Most members of the bar association in Saket district, where the case is being heard, have vowed not to represent the accused.


GROUNDS FOR APPEAL?


But on Monday, lawyers Manohar Lal Sharma and V. K. Anand stood up to offer representation to the men. They were heckled by other lawyers who said the accused did not deserve representation.


"We are living in a modern society. We all are educated. Every accused, including those in brutal offences like this, has the legal right to represent his or her case to defend themselves," Lal Sharma said.


The court asked Anand to get the approval of the accused to represent them. If the men, most of them from a slum neighborhood, cannot arrange their own lawyers, the court will offer them legal aid before the trial begins.


Police have conducted extensive interrogations and say they have recorded confessions, even though the five have no lawyers.


Legal experts say their lack of representation could give grounds for appeal should they be found guilty.
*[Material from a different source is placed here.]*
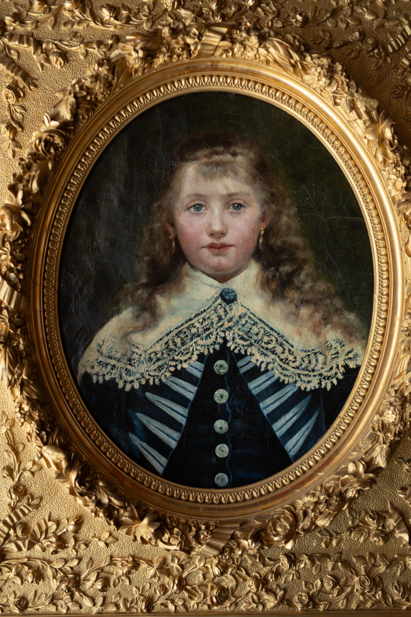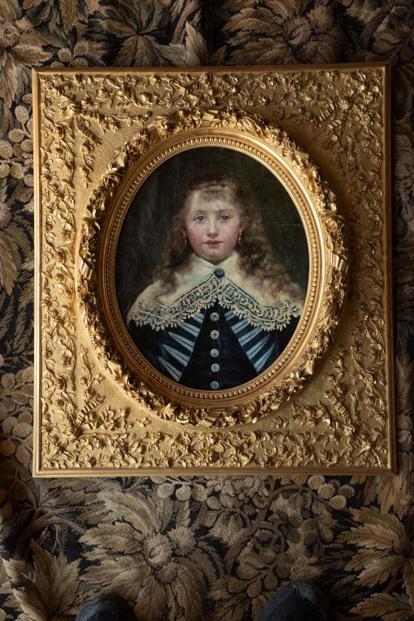 A beautiful, larger sizes portrait (26 inch or 65cm), circa 1860 French portrait of a young girl wearing traditional Breton lace. Painted with exquisite delicacy and presented in an extraordinary sculpted gilt frame. A refined and atmospheric example of regional mid-19th-century French portraiture.

Similar cases have resulted in acquittals years after convictions.


Last week, chief justice Altamas Kabir inaugurated six fast-track courts to help reduce a backlog of sex crime cases in Delhi.


But some legal experts have warned that previous attempts to fast-track justice in India in some cases led to imperfect convictions that were later challenged.


The sixth member of the gang that lured the student and a male friend into the private bus is under 18 and will be tried in a separate juvenile court.


The government is aiming to lower the age teenagers can be tried as an adult, given widespread public anger that the boy will face a maximum three-year sentence.


The victim, who died on December 29 in hospital in Singapore, where she had been taken for treatment, was identified by a British newspaper on the weekend but Reuters has opted not to name her.


Indian law generally prohibits the identification of victims of sex crimes. The law is intended to protect victims' privacy and keep them from the media glare in a country where the social stigma associated with rape can be devastating.


But her father repeated on Monday his wish that she be identified and said he would be happy to release a photograph of her.


"We don't want to hide her identity, there is no reason for that. The only condition is it should not be misused," he told Reuters.


He said he was confident the trial would be quick and reiterated a call that those responsible be hanged.